#### What you should do:
With the pictures left out, every record must be reproduced exactly.

#### The records:
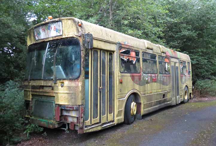 An ignominious end for one of BA's Leyland-DAB artics. The bus is seen at the West of England Transport Collection in Winkleigh bereft of its rear end and bearing the colours of its last use as a Playbus. The rear end was at Winkleigh as was at least one other Leyland-DAB, so whether it will arise phoenix-like again in BA colours remains to be seen.
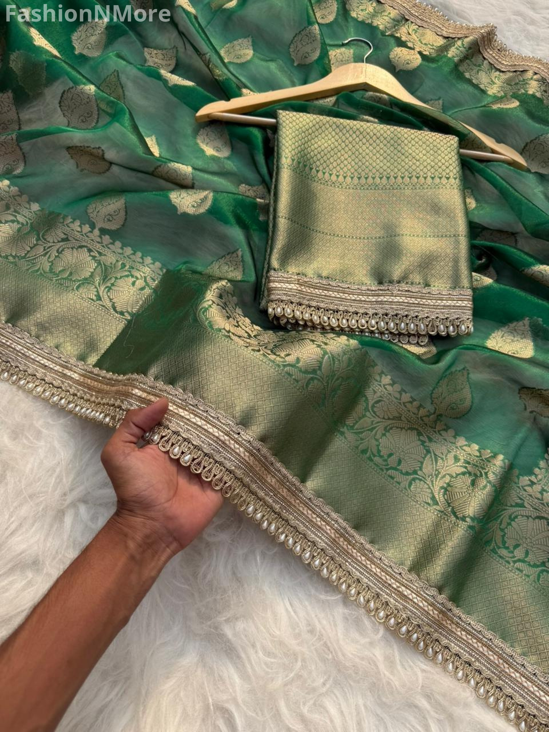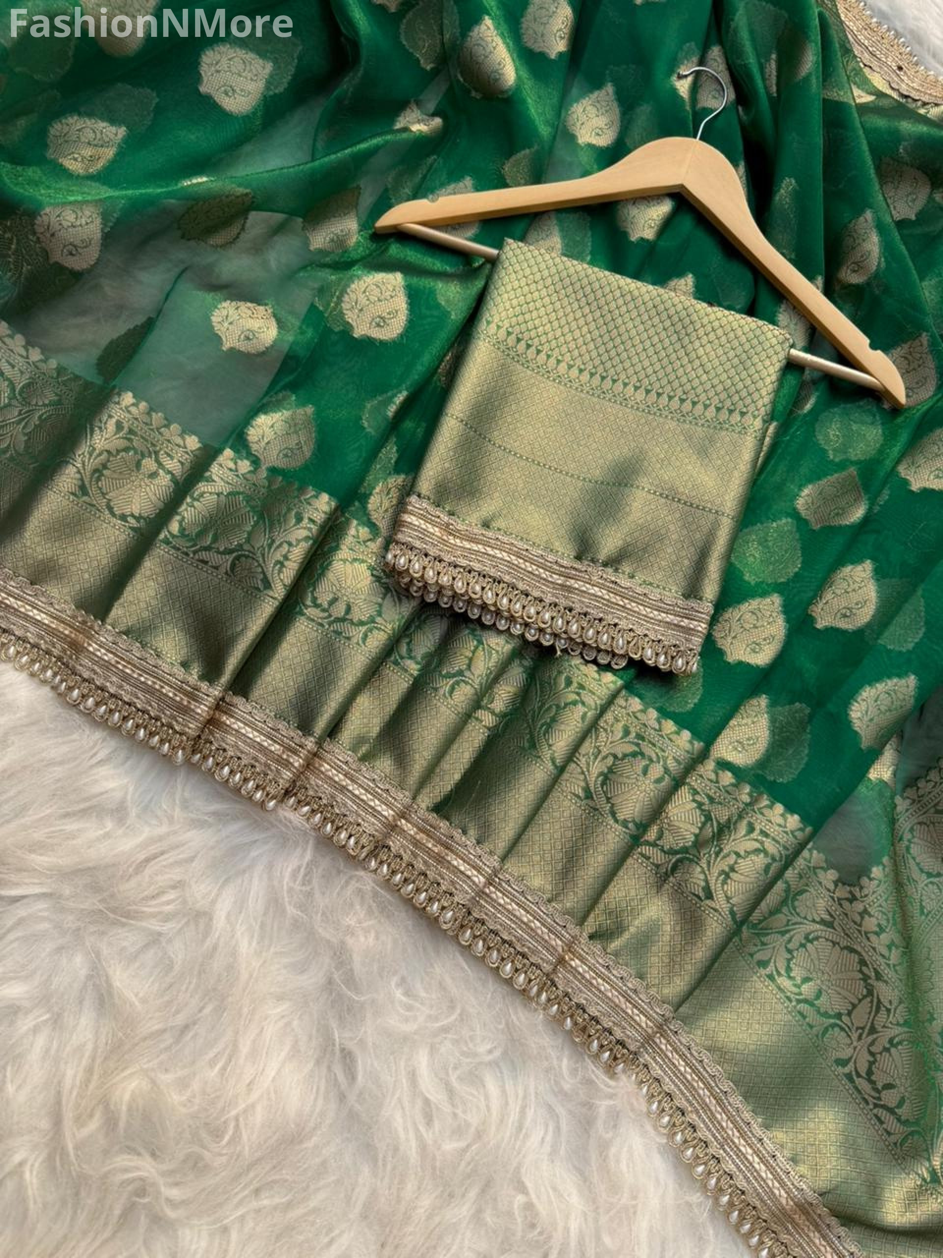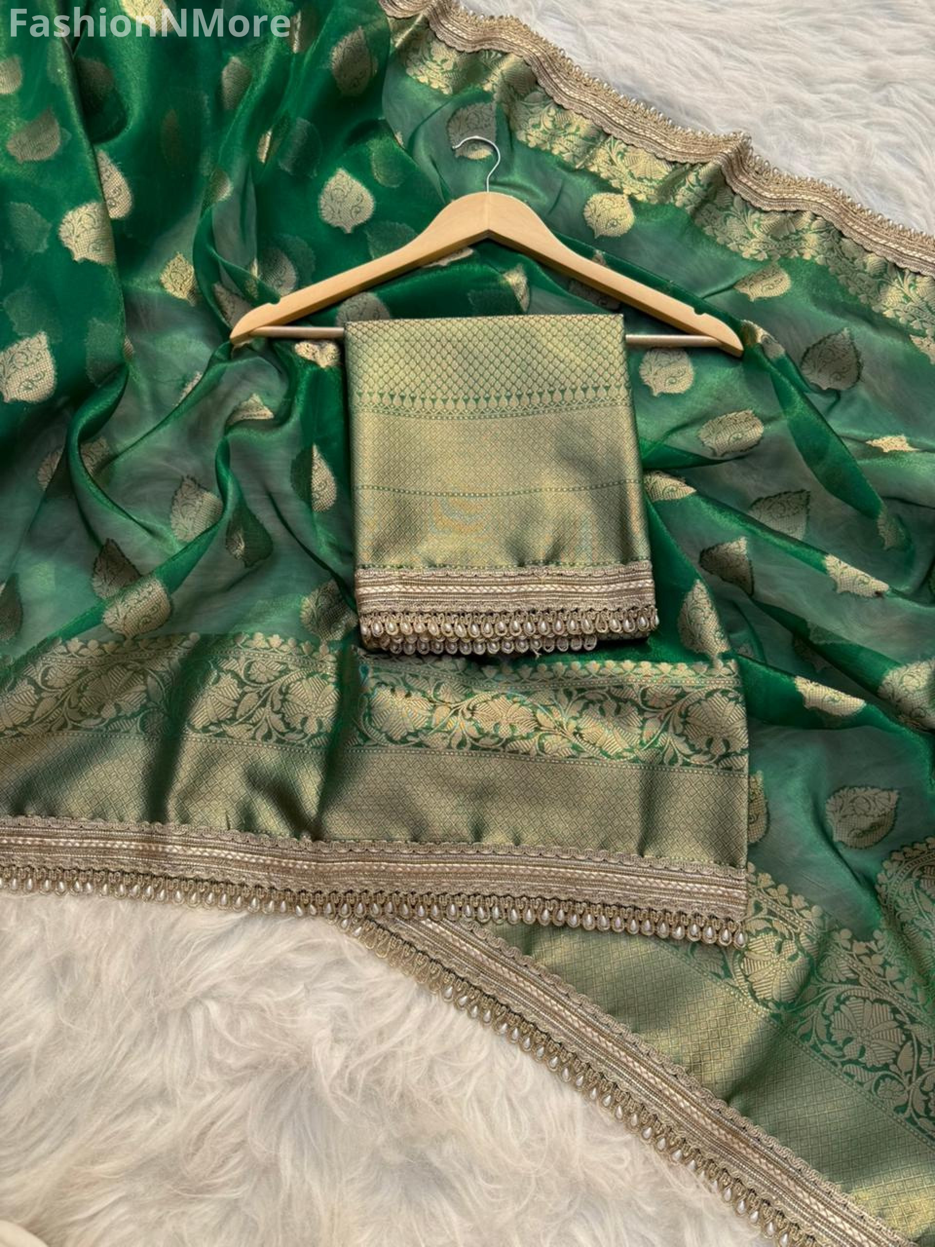 ✔ Classic Banarasi border enhanced with Kota patti lace detailing
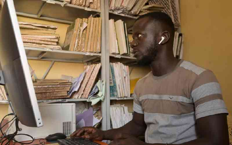 Dicakory Balde, a municipal official, works on the digital civil registry at the archive storage of the Parcelles Assainies town hall in Dakar, Senegal, July 19, 2024. [AFP]
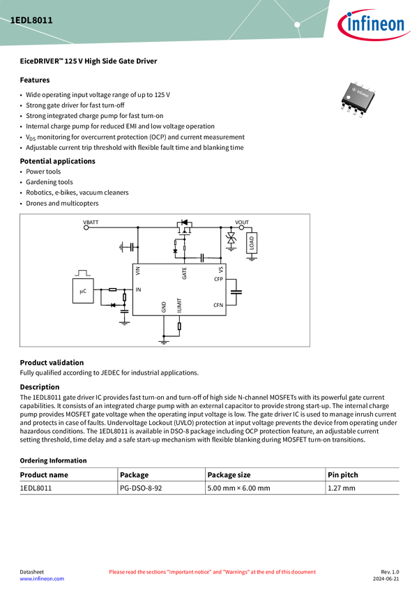 125 V high-side gate driver with single output in DSO-8 package for battery-powered applications The EiceDRIVER™ 1EDL8011 provides fast turn-on/ turn-off of high-side N-channel MOSFETs with its powerful gate current capabilities. For battery-powered applications, 1EDL8011 is used to manage inrush current & protects in case of faults. The driver is available in DSO-8 package including OCP protection feature, adjustable current setting threshold, time delay and a safe start-up mechanism with flexible bla
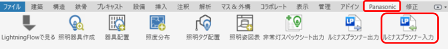 - Revitに戻り、「図面ビュー」(「平面図ビュー」・「天井伏図ビュー」)もしくは「3Dビュー」を開いた状態で、「Panasonic」タブ内の「ルミナスプランナー入力」ボタンを押します。
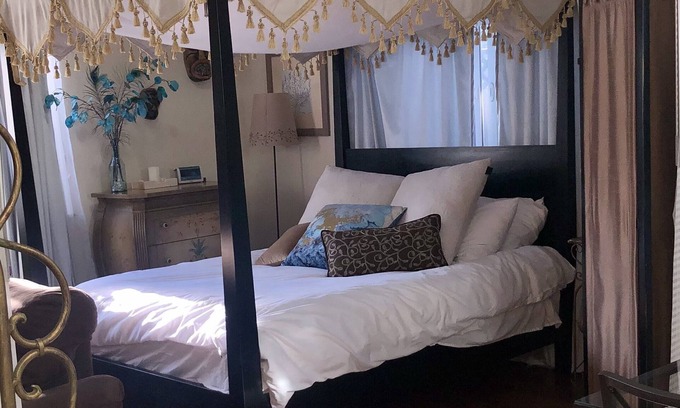 A beautiful, private and quiet studio detached from the main house. You will have your own entrance. A full kitchen and bath [shower, no tub] are included. All linens are provided and the kitchen is equipped with dishes and all cooking utensils needed to cook a meal. The kitchenette has a full sized refrigerator with freezer and full sized oven with a four-burner stove for your convenience.
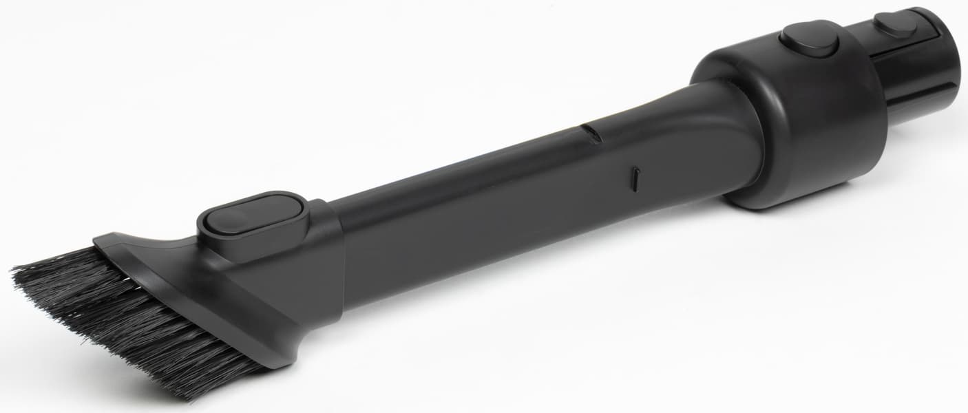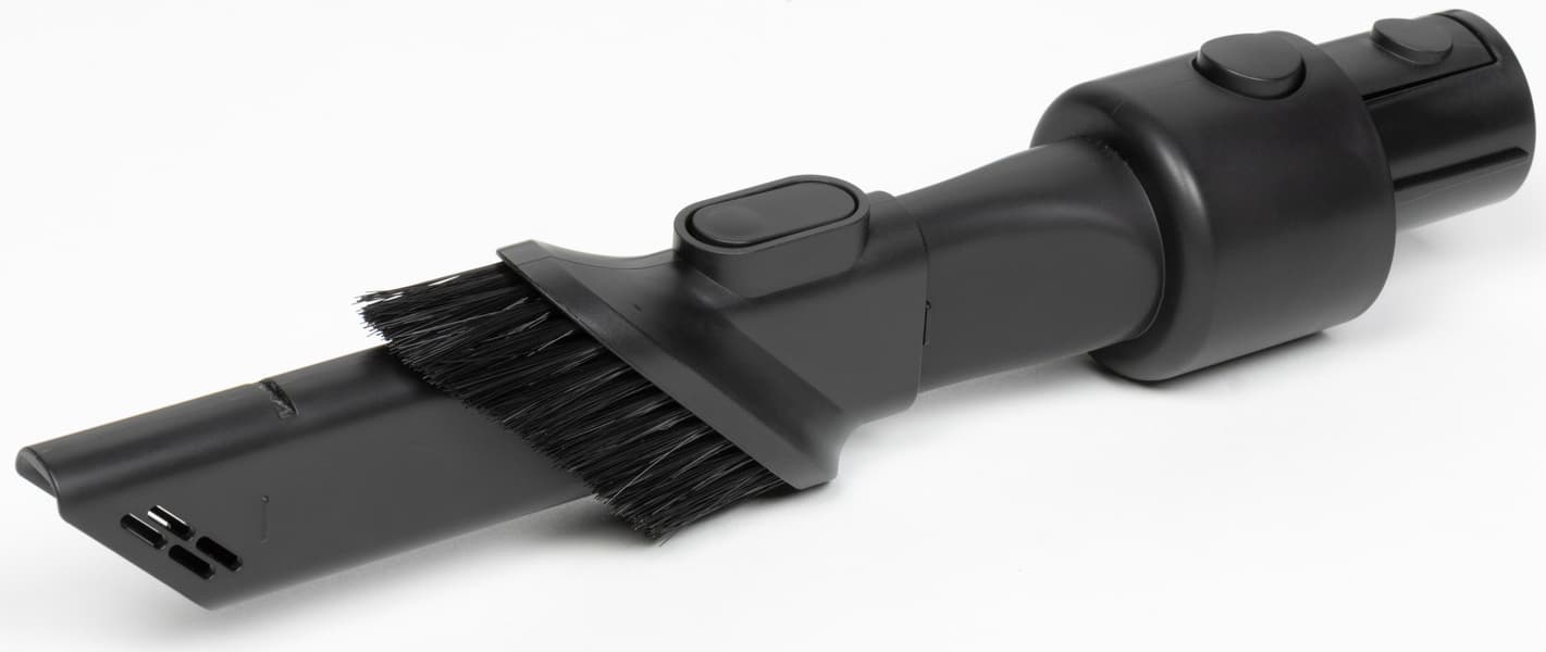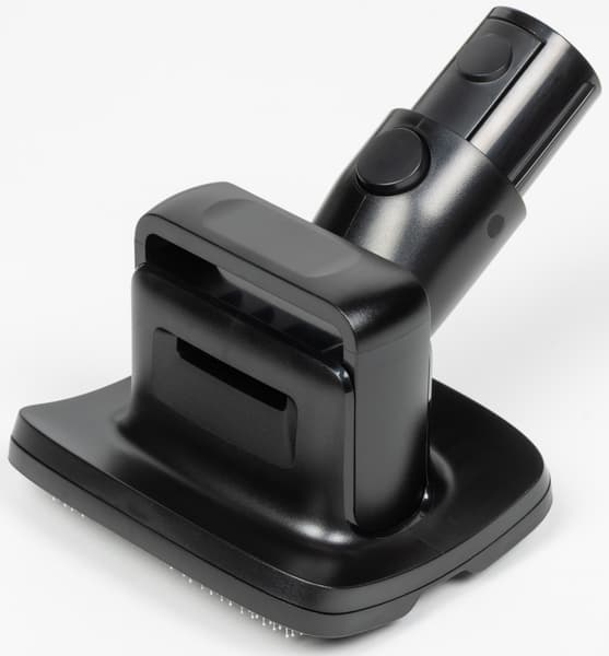 При нажатии на нее подошва насадки выдвигается, миниатюрные проволочки утапливаются, а собранная шерсть стряхивается и улетает в недра пылесоса.

#### Your solution:
 An ignominious end for one of BA's Leyland-DAB artics. The bus is seen at the West of England Transport Collection in Winkleigh bereft of its rear end and bearing the colours of its last use as a Playbus. The rear end was at Winkleigh as was at least one other Leyland-DAB, so whether it will arise phoenix-like again in BA colours remains to be seen.
 ✔ Classic Banarasi border enhanced with Kota patti lace detailing
 Dicakory Balde, a municipal official, works on the digital civil registry at the archive storage of the Parcelles Assainies town hall in Dakar, Senegal, July 19, 2024. [AFP]
 125 V high-side gate driver with single output in DSO-8 package for battery-powered applications The EiceDRIVER™ 1EDL8011 provides fast turn-on/ turn-off of high-side N-channel MOSFETs with its powerful gate current capabilities. For battery-powered applications, 1EDL8011 is used to manage inrush current & protects in case of faults. The driver is available in DSO-8 package including OCP protection feature, adjustable current setting threshold, time delay and a safe start-up mechanism with flexible bla
 - Revitに戻り、「図面ビュー」(「平面図ビュー」・「天井伏図ビュー」)もしくは「3Dビュー」を開いた状態で、「Panasonic」タブ内の「ルミナスプランナー入力」ボタンを押します。
 A beautiful, private and quiet studio detached from the main house. You will have your own entrance. A full kitchen and bath [shower, no tub] are included. All linens are provided and the kitchen is equipped with dishes and all cooking utensils needed to cook a meal. The kitchenette has a full sized refrigerator with freezer and full sized oven with a four-burner stove for your convenience.
 При нажатии на нее подошва насадки выдвигается, миниатюрные проволочки утапливаются, а собранная шерсть стряхивается и улетает в недра пылесоса.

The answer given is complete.